While OSHA does not refer the vast majority of willful violation fatality cases to the Department of Justice (DOJ) for criminal prosecution, DOJ drops most of the cases OSHA does refer. Hayes believes that botched OSHA investigations explain the figures revealed in the Times series and are also one reason the Justice Department declines so many OSHA cases.

"If trained properly, compliance officers would not mishandle these investigations," Hayes contended. "And we'd get a twofold kicker because then they wouldn't hurt families, as they do now, by falsely promising the survivors they will put those responsible for the fatality in prison."

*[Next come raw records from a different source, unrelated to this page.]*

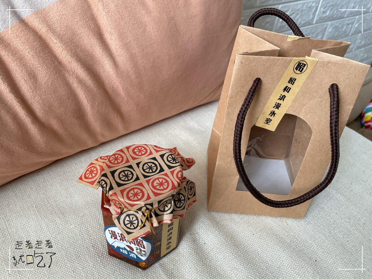一個紙袋裡面裝著辣椒醬的罐子,罐子頂端用裝飾用的紙包著,再綁上麻繩,整個包裝看起來有著蠻高的質量。辣椒主要成分有豆瓣、辣椒切片跟小魚乾,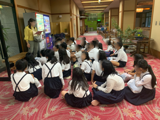 避難訓練です。子ども達にとって初めての場所なので、万が一に備えて経路の確認を行いました。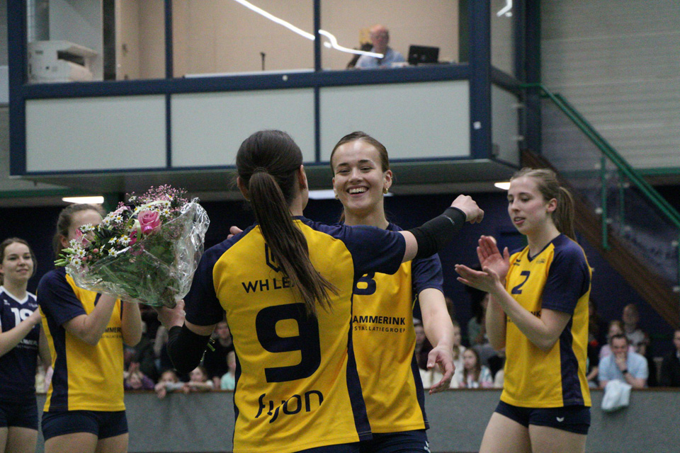 Alle vijf ontvingen ze, namens de hele selectie, een karakteristieke foto en een bos bloemen. Van het publiek kregen ze een meer dan waarderend applaus voor hun inzet voor dames 1 en de toch ook mooie wedstrijden, die ze in sporthal de Schalm hebben laten zien.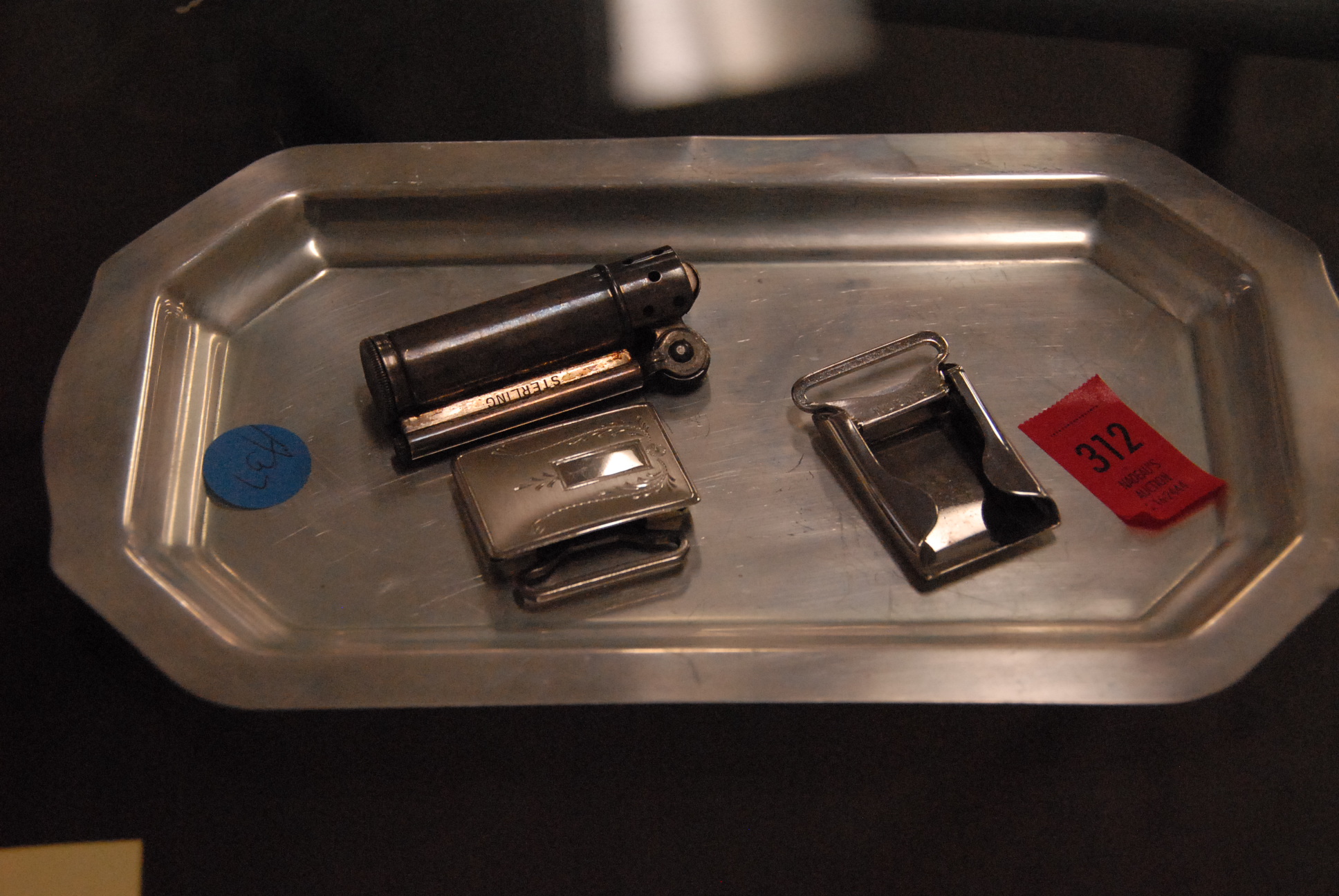 Sterling silver lot to include two buckles, sterling cigarette lighter, and a small tray

A Justice Department official cautioned, however, that there are other impediments to criminal prosecution of OSHA cases. Criminal cases demand proof 'beyond a reasonable doubt,' whereas a civil conviction requires only a 'preponderance of the evidence.'

"People have to understand the OSH Act was not designed for criminal prosecution," he explained. "And OSHA standards are not drafted with the specificity we often need to prove a case beyond a reasonable doubt."

The official added that "there is a lot of input from industry" in the drafting of OSHA standards, so it is not the agency's fault that the regulations are written so as to make criminal prosecution difficult. It can also be difficult to convince a jury a defendant violated a regulation "willfully" because the notion of willfulness is a state of mind that can only be induced indirectly from a person's behavior.

"We have to show knowledge of the hazardous condition, the application of the regulation, and the failure to correct it," explained the official. A willful violation is not the same as an intentional killing, because that would be murder. The notion of willfulness therefore appears to exist in a somewhat fuzzy middle ground between ignorance of safety rules and homicide.

Finally, because a criminal prosecution 'turns the defendant's life upside down' and consumes scarce government resources, the Department of Justice does not prosecute cases unless it believes it will prevail in court.

Evidently, this is a judgment the Department of Justice rarely makes in OSHA cases. Since 1982, DOJ dropped 57 percent of the cases OSHA referred to the department for criminal prosecution and in another 25 percent defendants settled with the government before a trial and did not go to prison.